Debat calon presiden (capres) putaran ketiga dengan tema pertahanan, keamanan dan hubungan internasional, yang digelar di Istora Senayan, Minggu (7/1/24), berlangsung cukup panas dan menarik.
Capres nomor urut 2 Prabowo Subianto yang awalnya digadang-gadang bisa dengan mudah memenangkan debat mengingat latar belakangnya sebagai Menteri Pertahanan, justru kembali terpancing emosinya sehingga paparannya sering tidak sesuai dengan tema.
Tercatat, capres nomor urut 1 Anies Rasyid Baswedan dan nomor urut 3 Ganjar Pranowo beberapa kali mengkritik penjelasan Prabowo yang dianggap "tidak nyambung". Anies mengkritik penjelasan Prabowo soal kerja sama Selatan-Selatan, sedang Ganjar merasa tidak mendapat jawaban terkait penyebab penurunan peringkat Indonesia di Global Peace Index.
Mungkin karena terpojok, Prabowo sampai slip of tongue ketika menyebut omon-omon, padahal maksudnya omong-omong.
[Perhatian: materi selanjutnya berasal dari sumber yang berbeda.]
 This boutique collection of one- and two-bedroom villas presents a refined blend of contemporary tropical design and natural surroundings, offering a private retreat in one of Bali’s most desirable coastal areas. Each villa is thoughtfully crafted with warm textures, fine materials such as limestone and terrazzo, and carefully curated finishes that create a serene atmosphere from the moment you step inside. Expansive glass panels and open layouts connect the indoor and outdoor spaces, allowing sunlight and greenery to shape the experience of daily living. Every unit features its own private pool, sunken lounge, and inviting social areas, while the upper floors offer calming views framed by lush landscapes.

Ungkapan itu untuk menyerang balik Anies di mana menurut Prabowo Indonesia tidak membutuhkan pemimpin yang pandai bicara.
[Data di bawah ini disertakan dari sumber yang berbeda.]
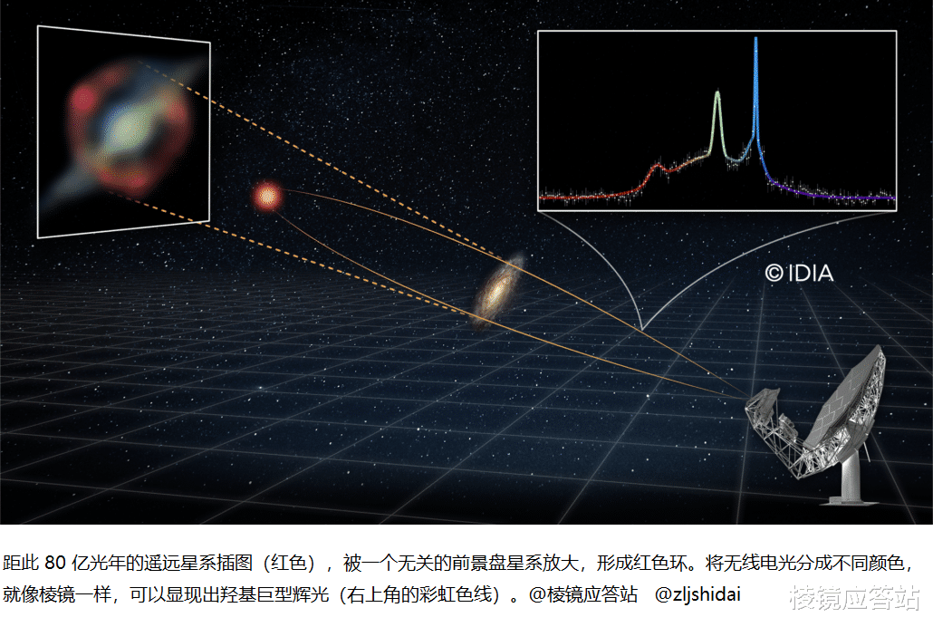 而"天然放大镜",指的是爱因斯坦广义相对论预言的引力透镜效应——光线经过大质量天体附近时会发生弯曲,前景星系充当了"凸透镜",将80亿光年外那道微弱的信号放大到可探测的强度。
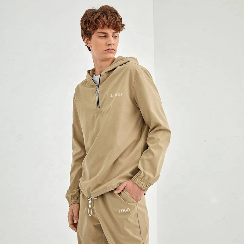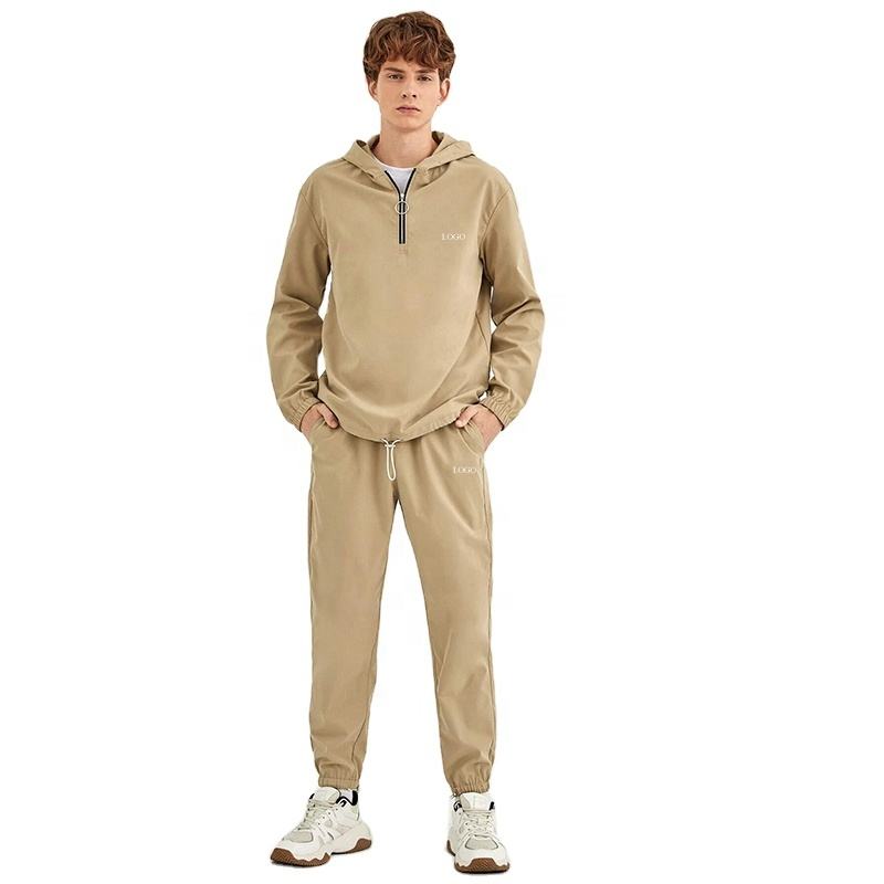 Ensemble décontracté deux pièces pour homme personnalisé, sweat à capuche épais 1/4 zip, pantalon de jogging à manches longues, survêtement d'hiver, 100% coton
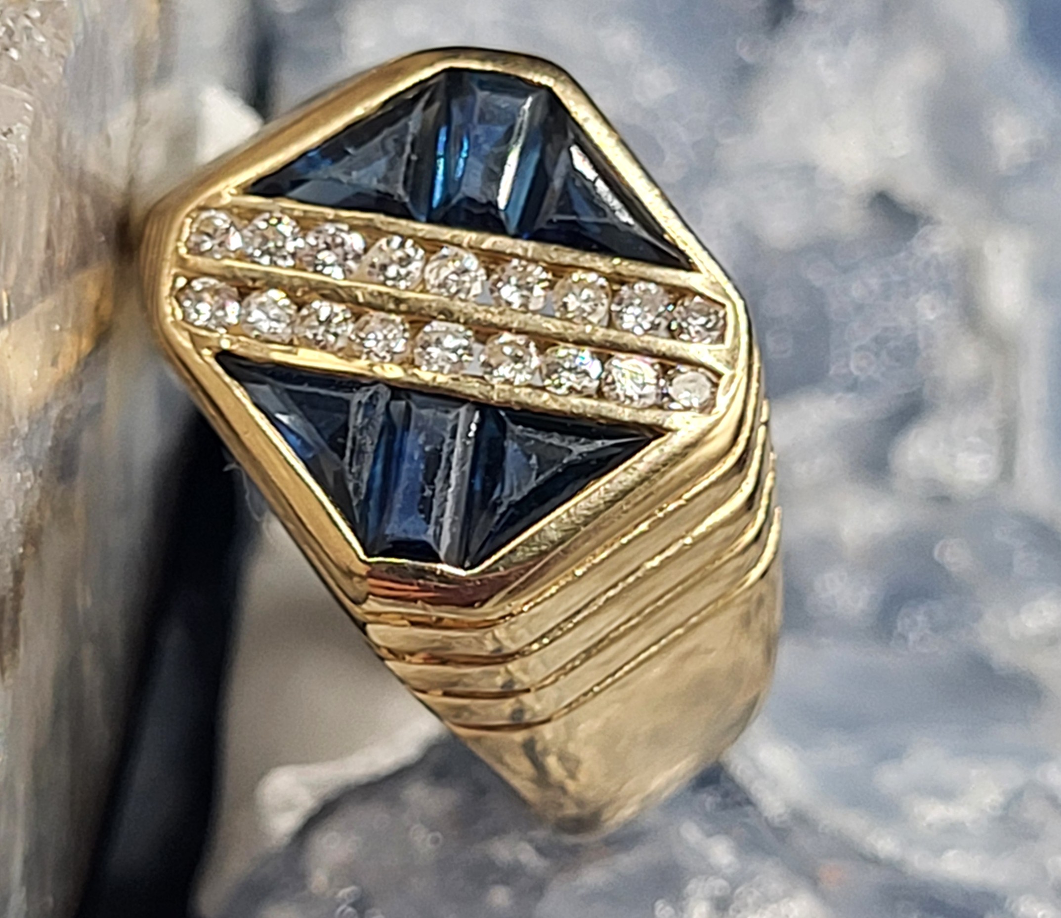 This is a 14 karat yellow gold  approximately 1.00 carat total weight of trilliant- and baguette-cut invisible-set genuine blue sapphires and approximately .25 carats total weight round, brilliant-cut, approximate H color, SI2 clarity channel-set diamonds arranged diagonally across the center of the ring.  It has a supportive lattice under gallery.  The top of the ring is approximately 12mm  and the ribbed shoulders taper to an approximate 4mm shank.  The ring is US size 8 and can be sized for an additional charge. This item is eligible for appraisal at a discounted rate, from an independent appraiser (with qualifying credentials from GIA) with no affiliation to Bidfair Fine Jewelry. Please contact Bidfair Fine Jewelry for more information on appraisals and sizing. 8 grams.  Admin: 33109/25irh

Prabowo mungkin lupa, kemampuan berbicara secara runut dan jelas, ketika menjabarkan sikap politik, pemikiran dan gagasan, adalah bukti intelektualitas, keluasan pengetahuan, dan penguasaan atas tema yang dibahas.
Kecakapan berpikir dan kemampuan menjabarkan dengan bahasa yang baik dan mudah dimengerti, diperlukan bagi seorang pemimpin. Sebab Indonesia harus kembali ke kancah internasional dan memenangkan pertarungan terkait isu-isu yang menguntungkan.
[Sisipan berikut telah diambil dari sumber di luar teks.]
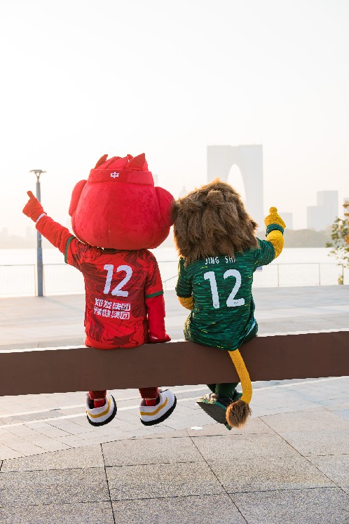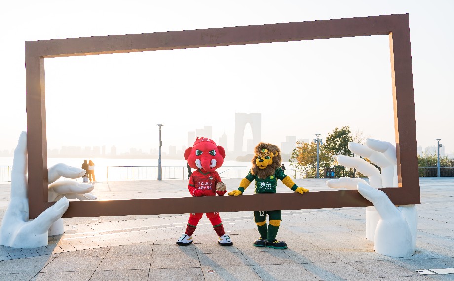 腳踏足球,北京國安的吉祥物“京獅”朝氣蓬勃,身上的12號球衣,將球隊(duì)與球迷緊緊相連。河南俱樂部的吉祥物“巴布”則以大象的形象和紅色主色調(diào),彰顯無畏、自信、堅(jiān)韌、拼搏的精神內(nèi)核。它們萌趣活力的形象在金雞湖畔留下這個(gè)秋末初冬的一份獨(dú)特記憶。
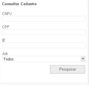 Os filtros são responsáveis por consultar o cadastro na SEFAZ após acionar o botão pesquisar.
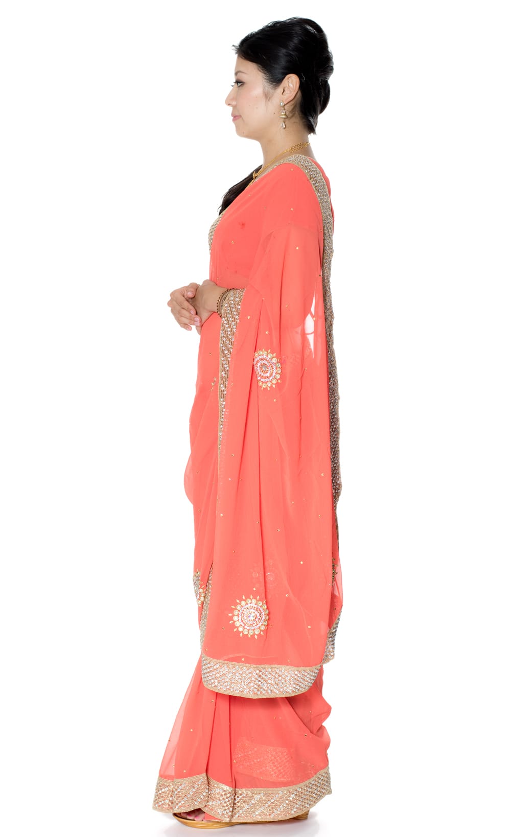 【訳あり】金糸とビーズ刺繍のジョーゼットインドサリー【チョリ付き】 - サーモンピンク 通販店
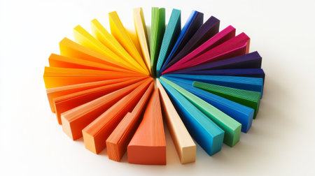 Vibrant and Colorful Circular Segments Creating a Dynamic Rainbow Palette on a Neutral Background
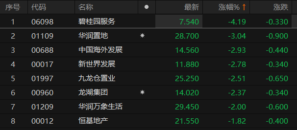 港股地产股表现疲弱 碧桂园服务跌逾4%
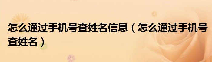 大家好,小晋来为大家解答以下问题,关于怎么通过手机号查姓名信息,怎么通过手机号查姓名很多人还不知道,今天让我们一起来看看吧!
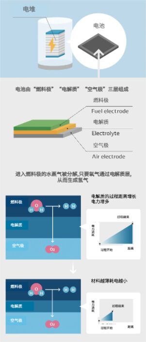 電裝同時還具備電池開發(fā)的技術(shù)優(yōu)勢。當(dāng)電池中發(fā)生反應(yīng)并且離子從燃料電極移動到空氣電極時,功耗會隨距離增加而增加。
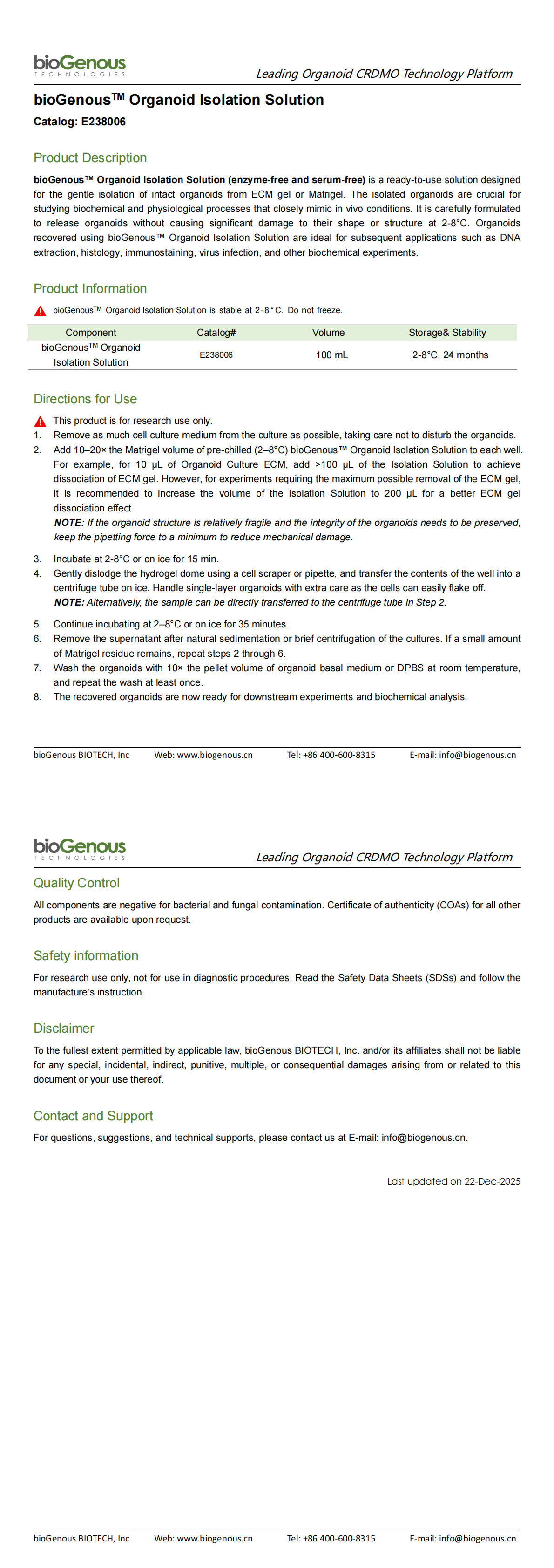 bioGenous™ Organoid Isolation Solution (enzyme-free and serum-free) is a ready-to-use solution designed for the gentle isolation of intact organoids from ECM gel or Matrigel; the isolated organoids are crucial for studying biochemical and physiological processes that closely mimic in vivo conditions, and it is carefully formulated to release organoids without causing significant damage to their shape or structure at 2-8°C, with organoids recovered using this solution being ideal for subsequent applications such as DNA extraction, histology, immunostaining, virus infection, and other biochemical experiments.
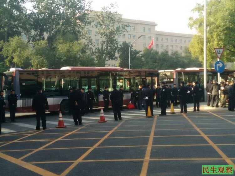 据现场人士发回的信息、图片、视频显示,今天前来的志愿老兵们在中央军委大楼周围绵延数里路,大家打着各地的标语,有秩序地站在马路边,现场红旗招展,军歌飘扬。现场有来自四川的标语,也有来自安徽的标语,有标语写着“河北军转志愿兵 落实军转政策 还我军人尊严”。同时,中央军委大楼一带出现大量警察和警车,以及运送上访人员的大巴车,这些车辆几乎将老兵们包围了起来。还有现场人士说,下午已有十几名老兵代表被抓走了,老兵们要求先放人,他们才能上车到久敬庄。
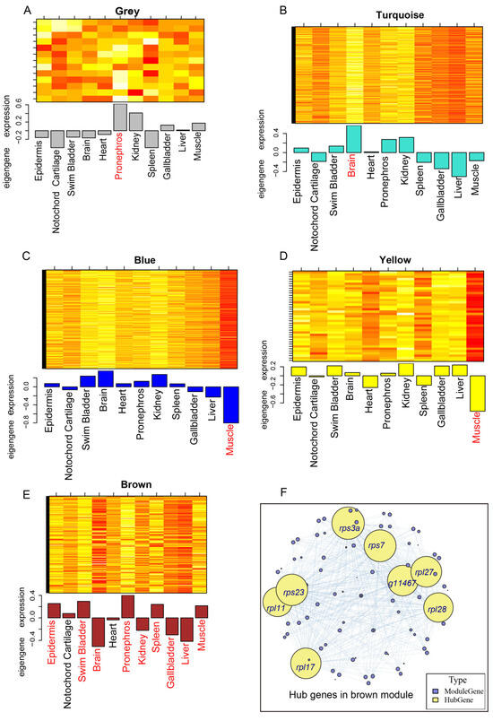 Additionally, the module eigengene serves as a representative gene expression profile, encapsulating the expression patterns of all genes within the respective module. The expression profiles of the module eigengenes corresponding to the five identified modules from WGCNA are shown in Figure 8. Compared to other tissues, the eigengene of the grey module showed a notably high expression in pronephros tissue (Figure 8A), whereas the turquoise module was specifically highly expressed in the brain (Figure 8B). The blue module and the yellow module exhibited the highest negative expression of eigengene in muscle, suggesting a significant correlation between muscle and the two modules (Figure 8C,D). Regarding the brown module, the eigengene expression across nine tissues (with the exception of the notochord cartilage and heart) exhibited a notable degree of similarity and uniformity. This finding suggested a robust correlation between the brown module and the other nine tissues, excluding the notochord cartilage and heart (Figure 8E). Additionally, the expression profiles of eigengenes corresponding to the five identified WGCNA modules are consistent with our findings derived from the gene module-gene trait correlation analysis. Subsequent identification of hub genes within the aforementioned modules revealed that only those hub genes that satisfied the established criteria were present in the brown module. The identified hub genes included rps3a, rps7, rps23, rpl11, rpl17, rpl27, rpl28, and g11467 (Figure 8F); except for the g11467 gene, whose function is unknown, the remaining genes were all typical genes encoding ribosomal proteins (RPs), and the GO terms related to those genes included RNA binding and structural constituent of the ribosome [47].

Satu hal yang perlu diingat, banyak keuntungan dan kemenangan yang dicapai Indonesia di forum internasional berkat kemampuan diplomasi, kemampuan orasi para diplomat dalam menjabarkan kehendak dan tujuan Indonesia.
Pengakuan kemerdekaan Indonesia oleh negara-negara di dunia tidak terlepas dari diplomasi luar biasa yang dilakukan Haji Agus Salim, AR Baswedan, dll.
Hasil Konferensi Meja Bundar di Den Haag, Belanda pada 1949, yang mengembalikan kedaulatan Indonesia tidak terlepas dari kelihaian diplomasi Mohammad Roem, Johannes Leimena, Ali Sastroamidjojo, hingga Sumitro Djojohadikusumo.
Demikian juga terwujudnya NKRI dengan luas lautan yang dimiliki Indonesia, berkat diplomasi luar negeri Indonesia yang luar biasa sehingga Deklarasi Djuanda 1957 yang memuat tentang batas teritorial laut Indonesia diakui sebagai konvensi hukum laut (UNCLOS) PBB 1982.